Nanochannel Delivery Systems for Controlled and Sustained Administration of Therapeutics and Cell Transplantation
Problem: Medical practitioners have long realized the need for personalized treatment that can synergize with the body’s innate response to diseases and medical conditions. Currently, the most common approaches to drug administration in medicine are 1) oral or intravenous delivery of a “bolus” (a large amount of drug delivered all at once) at regular intervals and 2) intravenous slow infusions. Bolus administration is commonly associated with adverse side effects derived from a temporary regional overdose following each administration to the patient. Infusions are required in cases of highly toxic drugs (typical of numerous chemotherapeutics), which force patients to be hospitalized for hours to days in order to monitor the severe side effects of the treatments. This conventional practice is arguably a rudimentary and impersonal approach to drug delivery, where therapeutics are often inefficiently delivered at the maximum tolerated
dose (MTD). Can we instead mimic the body’s natural control over the release of molecules with accurate dosing and precise timing? The answer to personalized treatment can be found
in nanotechnology and nanoscale fluid mechanics.
A conceptual design of our implantable, artificial NanoGland incorporated into a distributed biosensor network (BSN). The first inset (from left to right, top to bottom) depicts an implant prototype, containing the nanochannel membrane, the drug reservoir, sensor, telemetry, and control electronics, and a battery or RF antenna for remote powering. The second inset is an actual fabricated nanochannel membrane complete with surface deposited gold electrodes.
The graph shows data (acquired at the beginning of February 2012) of the controlled release
of dendritic fullerene 1 (a free radical scavenging agent) from a nanochannel membrane.

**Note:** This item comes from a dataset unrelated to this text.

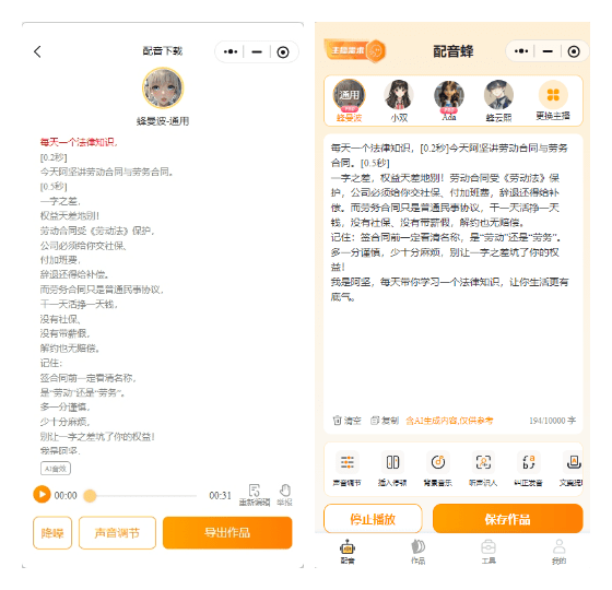 1.打开配音蜂小程序,粘贴文案,选择合适的音色,点击生成音频。

Approach: Steady-Release NanoGlands: Nanofluidic membranes reveal counterintuitive mass transport phenomena in nanochannels caused by fluid confinement. Our research in the Department of Nanomedicine has shown that by shrinking the channels by a factor close to the sizes of the diffusing molecules, it was possible to achieve a saturated, concentration-independent transport through the membranes. This shows promise for controlled transport of molecules and therapeutics. As such, we focus on the development of nanopores, nanochanneled membranes and nanoscale fluid mechanics. To advance this technology, we have used sacrificial layer techniques to reproducibly fabricate nanochannels as small as 3 nm. By exploiting nanochannels in passive systems, we were able to achieve a controlled and constant delivery of therapeutics and nanoparticles, in vitro and in vivo, for extended periods of time, while mimicking the basal and continuous release of molecules from glands to the rest of the body. This functionality cannot be attained at the macro- or microscale without the use of complex pumps and other moving components, because the diffusion of molecules is “Fickian,” which means that the release rate is dictated by the gradient of the molecular concentration.
Active-Release NanoGlands: A time-variable rate of release can be also achieved through electrokinetic phenomena that occur when an electrical potential is applied between the inlet and outlet of the channels. Electrokinetic phenomena, such as electrophoresis and electroosmosis, have been widely studied in microchannels. We have developed implantable nanochannel membranes with electrodes near the membrane inlet and outlet and demonstrated that the delivery of molecules in proportion to the applied electrical field is up to 10 times higher than for passive delivery. Additionally, by reversing the polarity of the applied electrical field, the molecule release can completely stop. As opposed to the rudimentary conventional practice where drugs are “digitally” administered, such nanochannel technologies afford “analog” time modulation, where timing, duration and frequency of administration can be precisely adjusted as needed. This approach mimics the time-variable release of molecules in the body and can enable new delivery regimens, including “chronotherapy,” the synchronization of drug delivery with optimal times during the circadian cycle of the body.